I'd be happy to share with you some of the publications that we've done, including a publication that's about to come out on risk-based modelling within Correctional Services Canada, with a very large data set within Correctional Services.

Part of this is a challenge of not just risk-based modelling, but that we have some agencies that are more research-based than others, so the research cultures, and being able to have departments and agencies that are then driven by that research, rather than inductively by people's investigative hunches.

There's a whole institutional culture issue that's separate from actually being able to develop the adequate proper models. We don't, for instance, have a very good way of currently sharing data with researchers, something which the U.K. and the U.S. have done much better.

This is not to say that government analysts aren't good at what they do, but inherently, there are some things we can do in the academic community with some of our algorithms and methods that are perhaps a bit more advanced.

10 a.m.

Conservative

The Chair Conservative James Rajotte

You have 30 seconds left.

10 a.m.

NDP

Raymond Côté NDP Beauport—Limoilou, QC

Mr.
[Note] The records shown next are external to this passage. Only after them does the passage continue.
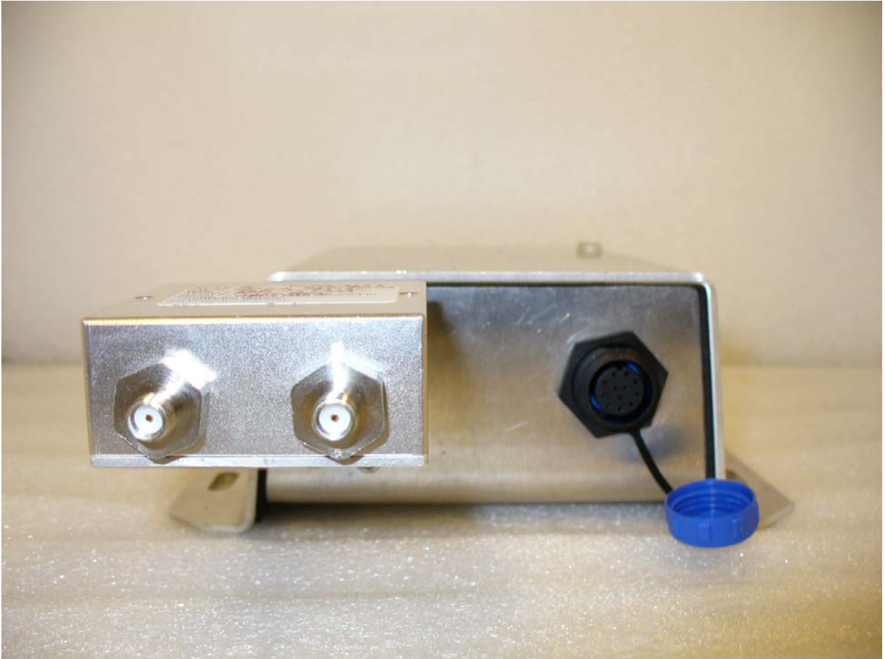
Figure 9: Front View (with Splitter)
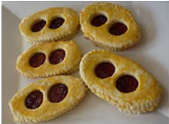
Lunettes de romans
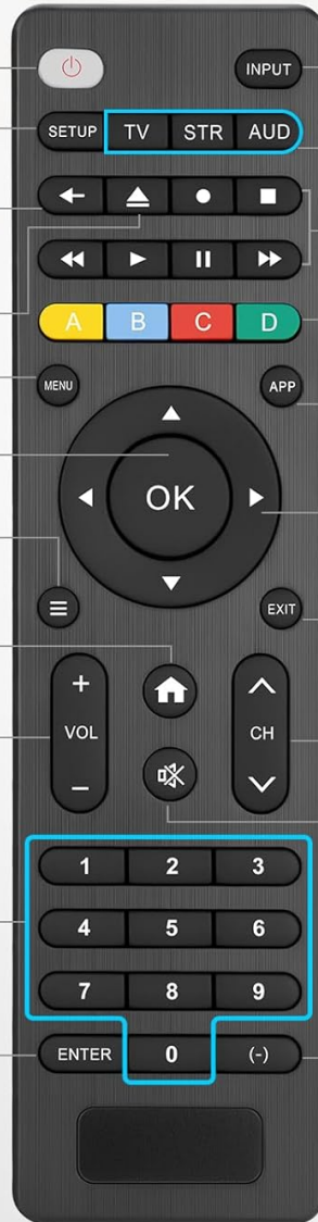
Image: Detailed layout of remote buttons and their corresponding functions.

(-) Dash - Use to select digital channels, e.g., 4.1
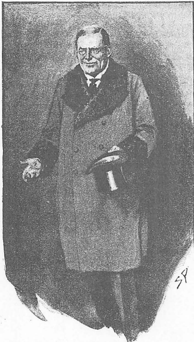
"CHARLES AUGUSTUS MILVERTON."

"My dear sir, it is painful to me to discuss it; but if the money is not paid on the 14th there certainly will be no marriage on the 18th." His insufferable smile was more complacent than ever.
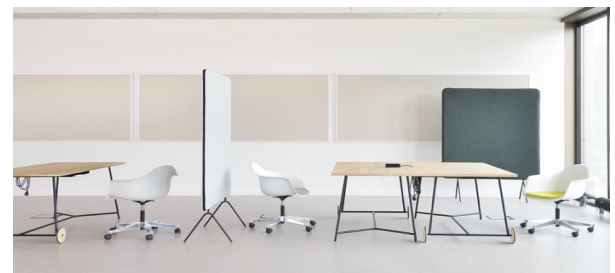
Fig. 5. Final furniture concept: tables and pinboards.

Table 1 outlines our 39 recommendations and indicates which of them have been implemented. Our on-site evaluations revealed that more than half of the recommended specifications had been implemented fully or partially (21 out of 39). Additionally, several measures that have not been implemented directly in the lab are now available in other areas of the complex; for example, video conferencing systems are located in co-working spaces next door. Similarly, lounge areas and games can be found on each floor. Nevertheless, some requirements that the workshop participants emphasized in the planning phase have not been implemented at all. Examples include adjustable light systems, outdoor access (which is possible but leads to a parking lot), and specific equipment (e.g., desktop computers, printers, and prototyping material). Other requirements were implemented as recommended; for example, an individual furniture line was designed through a design contest. Figures 5–7 show impressions of the final idea lab space and the customized furniture concept.
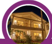
VITS Select Diveagar Talani Naka Beach Road, Diveagar
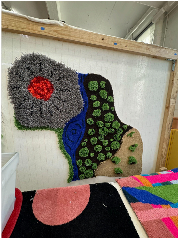
Day two of my summer tufting course
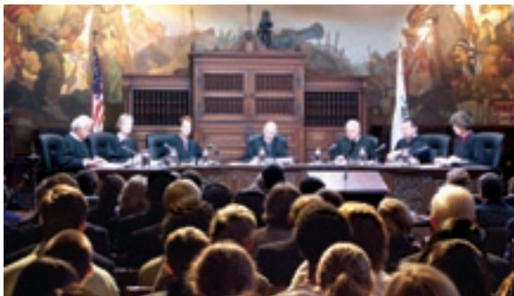
The justices prepare to hear the first oral argument.
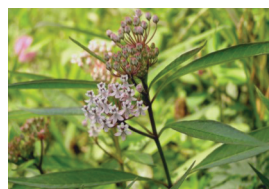
Aquatic Milkweed Asclepias perennis Hydrated soils.
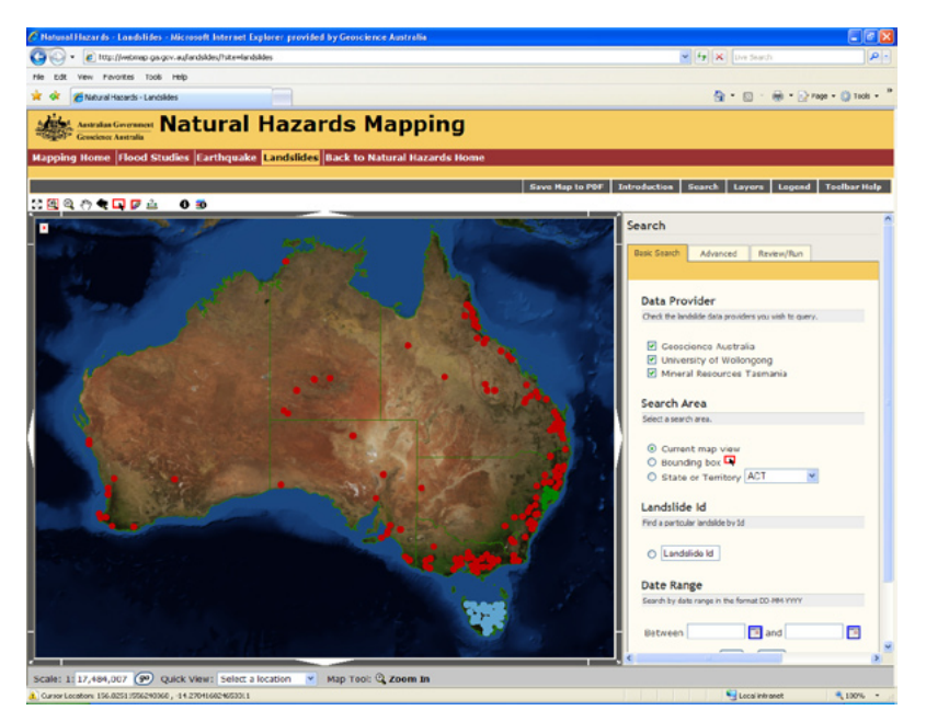
Figure 2. User interface for the virtual Australian Landslides Database displaying a spatial index of data accessed from host databases.

Users of the database can select the number of databases to be included in their landslide query and have the option of executing a basic or advanced level search. The user can define the spatial extent of their search in several ways by: searching the map extent, drawing
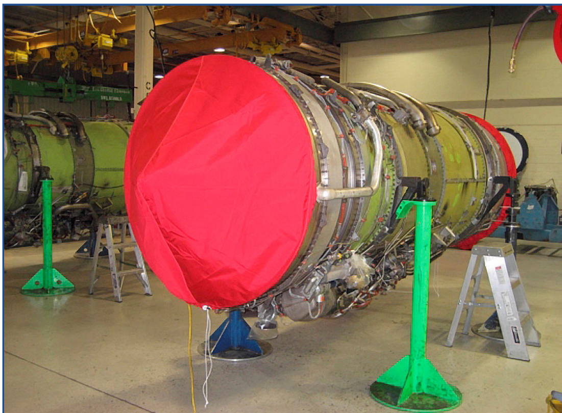
PW JT8D Off-Link Engine Shower Cap Cover Set
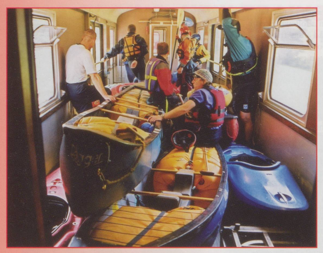
Is there room in here for a little one (or a goat)?

Chaos abounds at Versam as RhB Ge4/4 ii 627 waits on 20th June 2005.
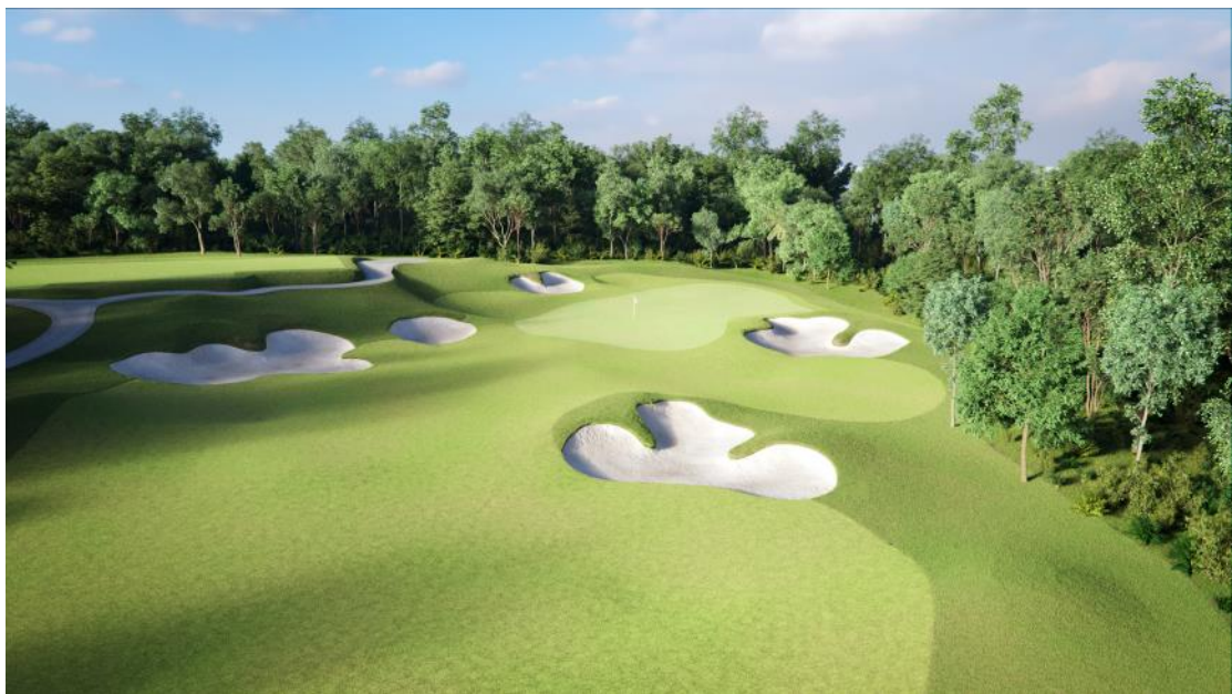
(Hole #21, Image 2: Players would have to navigate well positioned bunkers during approach shots into onto the green.)
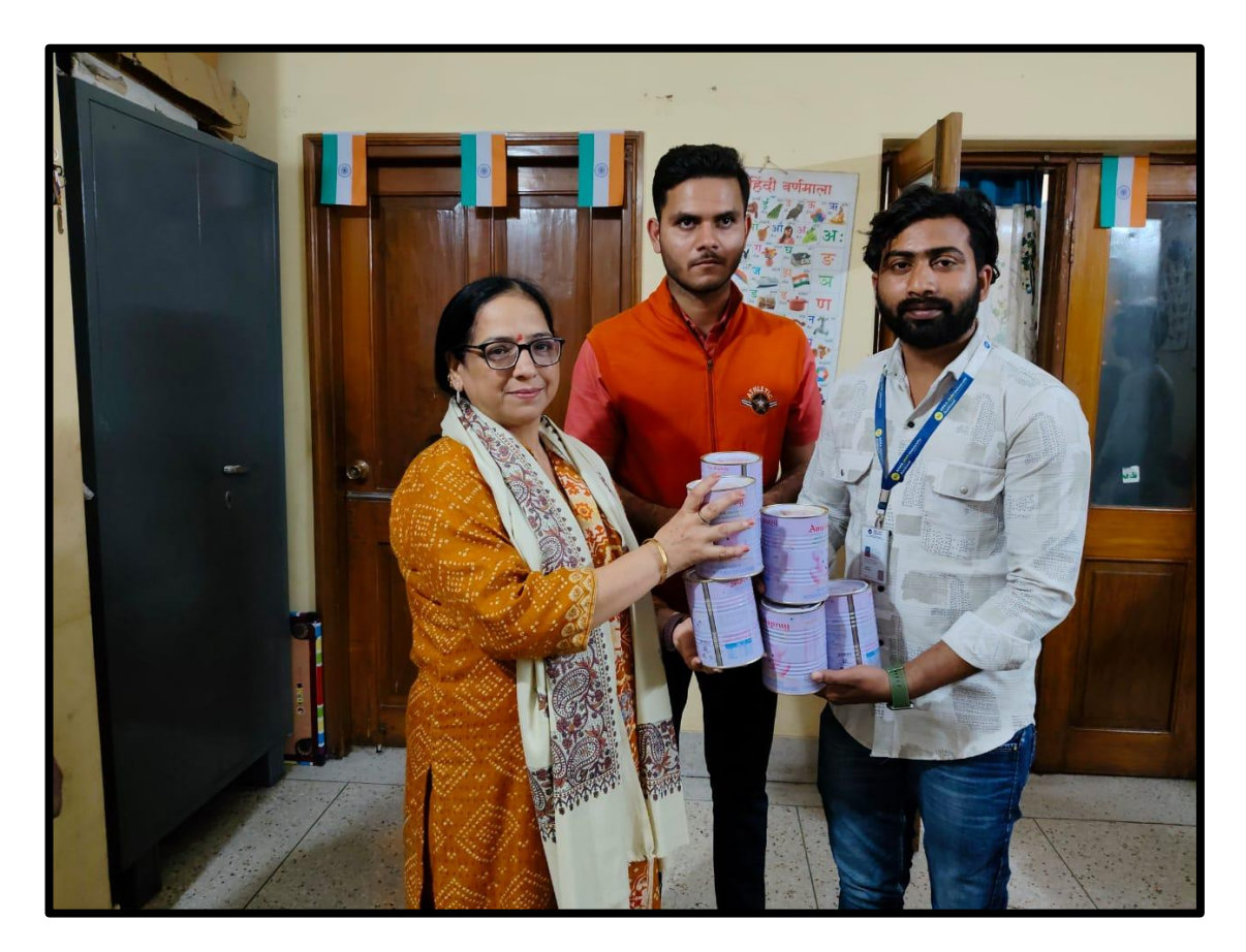
Fig. 3- Students donating Milk powder
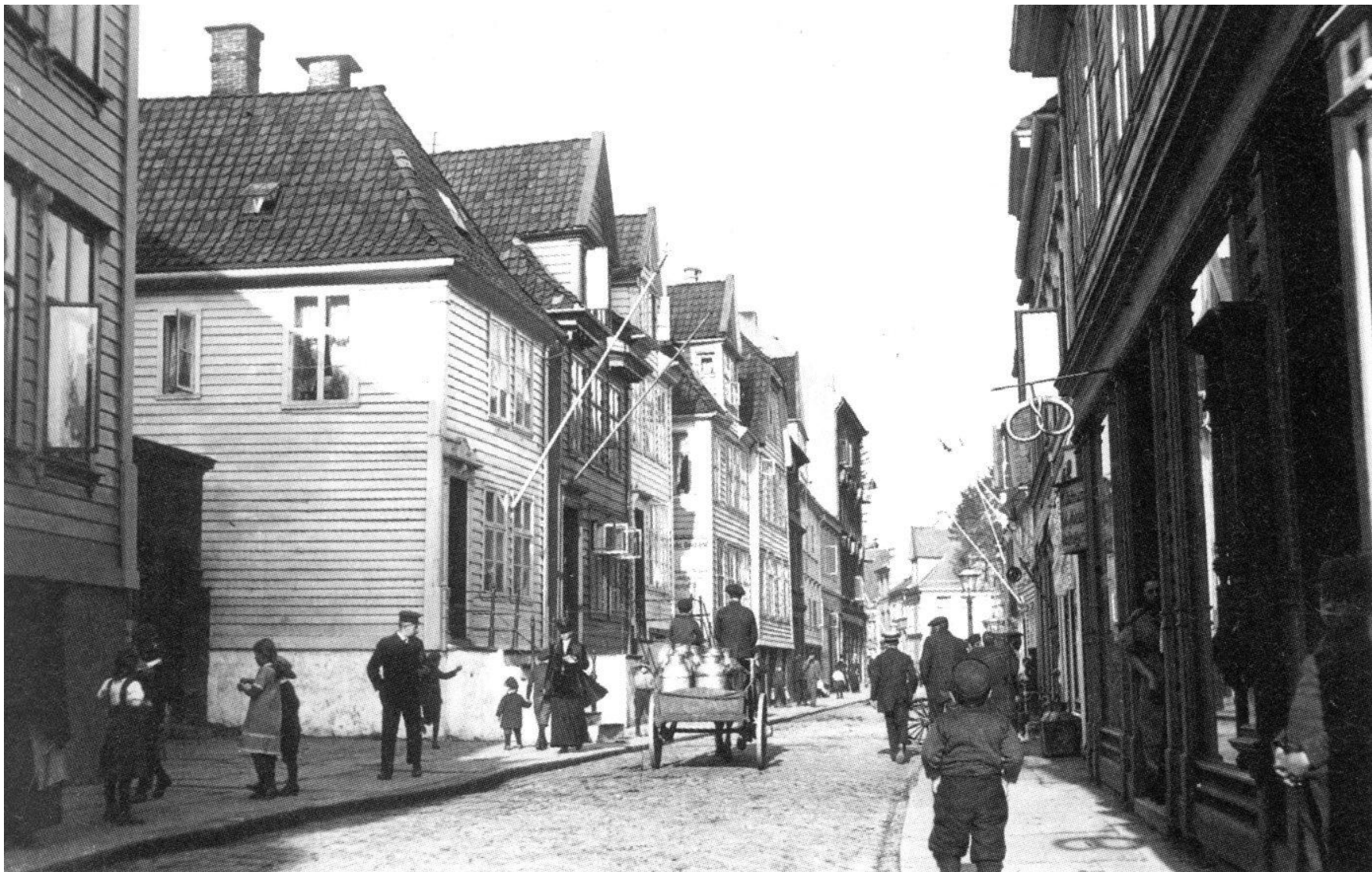
Берген, ул. Страндгатен конец 19 века
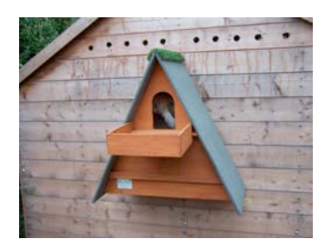
Golden Brown with shelf

An extra shelf is now available with all boxes at an additional charge. This shelf allows extra room for the owl to land and feed youngsters also a place where the young owls can come out and see the world before they leave the nest
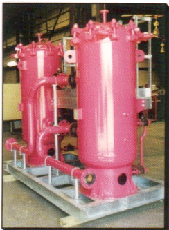
FILTERS AND CARTRIDGES
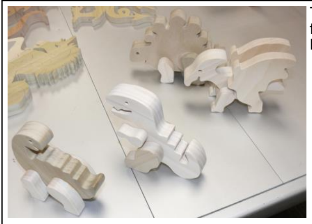
Toy Dinosaurs made from Poplar.
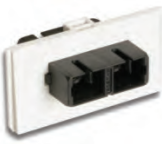
MX-SMB-SC-(XX) . . . . . 2-port bezel with one duplex SC adapter*
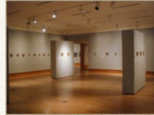
November 5 - December 31, 2011 Dennos Museum Center Traverse City, MI
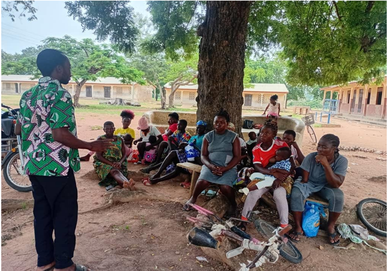
Demonstration of improved agricultural technologies to farmers at Beo
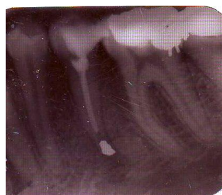
Radiograph 2; 1 month following surgery
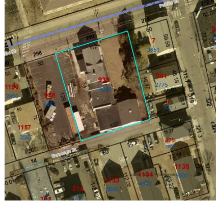
Aerial view of the site
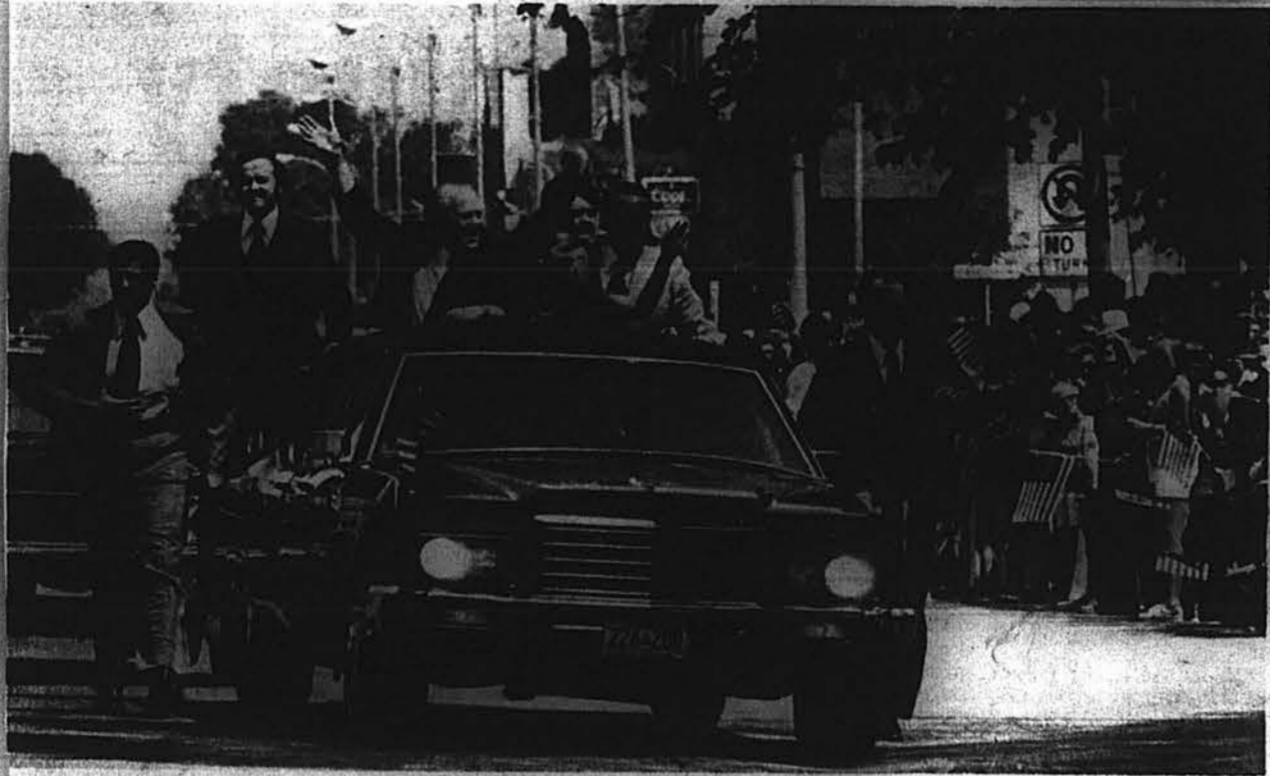
THE PRESIDENTIAL CARAVAN arrived at the Russell Courthouse shortly after noon Friday. The visit by President Gerald Ford and Sen. Bob Dole, vice-president nominee, opened the 1976 presidential campaign for the Republicans. Dole, a Russell native, was tabbed by Ford as his running mate Thursday at the GOP convention in Kansas City. Ford and Dole flew from Kansas City to Salina Friday morning and then boarded a helicopter which brought them to Russell.
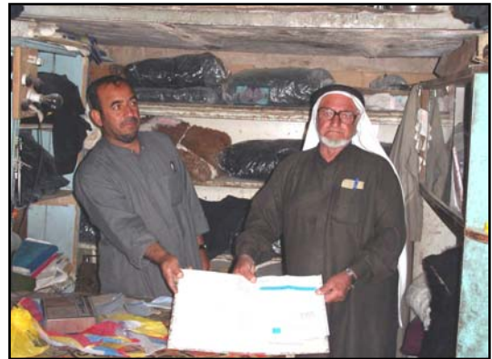
Iraqi food agents record food deliveries and distribute rations to Iraq's 25 million people.

Food Security -- Objectives include: providing oversight support for the countrywide public distribution system, which provides basic food and non-food commodities to 25 million Iraqis; participating in the design of a monetary assistance program to replace the commodity-based distribution system in order to support local production and free-market infrastructure; and promoting comprehensive agriculture reform to optimize private participation in production and wholesale markets.
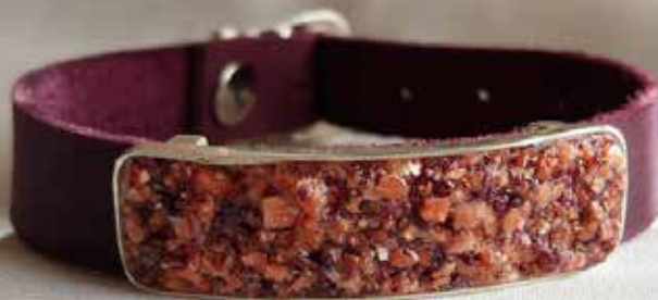
Mix of Pink Rkatsiteli and Mukuzani Saperavi Harvest 2021. Kakheti, Georgia

Therrien, in its latest annual report, the CSIS review committee said that it was receiving information on CSIS activities with significant delays. That seems dysfunctional to me, and I think you have already noted that yourself. Considering the potential increase of the powers exercised by the Canadian Security Intelligence Service, it's fairly obvious that the committee will be completely bypassed when it comes to monitoring those activities.

10 a.m.

Privacy Commissioner of Canada, Office of the Privacy Commissioner of Canada

Daniel Therrien

I have no particular opinion on its capacity to analyze the information, but there is no question that it will receive much more information.

10 a.m.

NDP

Raymond Côté NDP Beauport—Limoilou, QC

Thank you.

10 a.m.

Conservative

The Chair Conservative James Rajotte

Merci, monsieur Côté.

Mr. Adler, please, for your round.

10 a.m.

Conservative

Mark Adler Conservative York Centre, ON

Thank you all for being here today.

I want to begin with Mr. Leuprecht.

Sometimes fact is stranger than fiction. I don't mean to be glib about this, but are we looking at something like we see in the James Bond movies, where there's an organization like SPECTRE operating, or in the old mob movies where we see them all sitting around a conference table talking about the different revenues they're bringing in from the different territories? Is this more a business than it is an ideological issue? What is at the core of all of this?

10 a.m.

Associate Dean and Associate Professor, Faculty of Arts, Royal Military College of Canada, As an Individual

Dr. Christian Leuprecht

Can you clarify, is this in regard to a terrorist organization?

10 a.m.

Conservative

Mark Adler Conservative York Centre, ON

Yes, terrorist organizations. We need to be following the money here, right? This is about money.

10 a.m.

Associate Dean and Associate Professor, Faculty of Arts, Royal Military College of Canada, As an Individual

Dr. Christian Leuprecht

Inherently there are always going to be financial motives. I often compare security to a bit like studying theology: there's a whole lot of propositions and very little evidence to support any of them. As an academic, my work has always been about getting concrete research and data behind this. As I point out, some of the links are more tenuous, or more poorly understood, than some individuals put forward.

10 a.m.

Conservative

Mark Adler Conservative York Centre, ON

The network of all of this; it's like a spider's web, isn't it? The more layers you peel back of this onion the more layers there seem to be. It's all as you said, kind of tenuous with links to to this and to that.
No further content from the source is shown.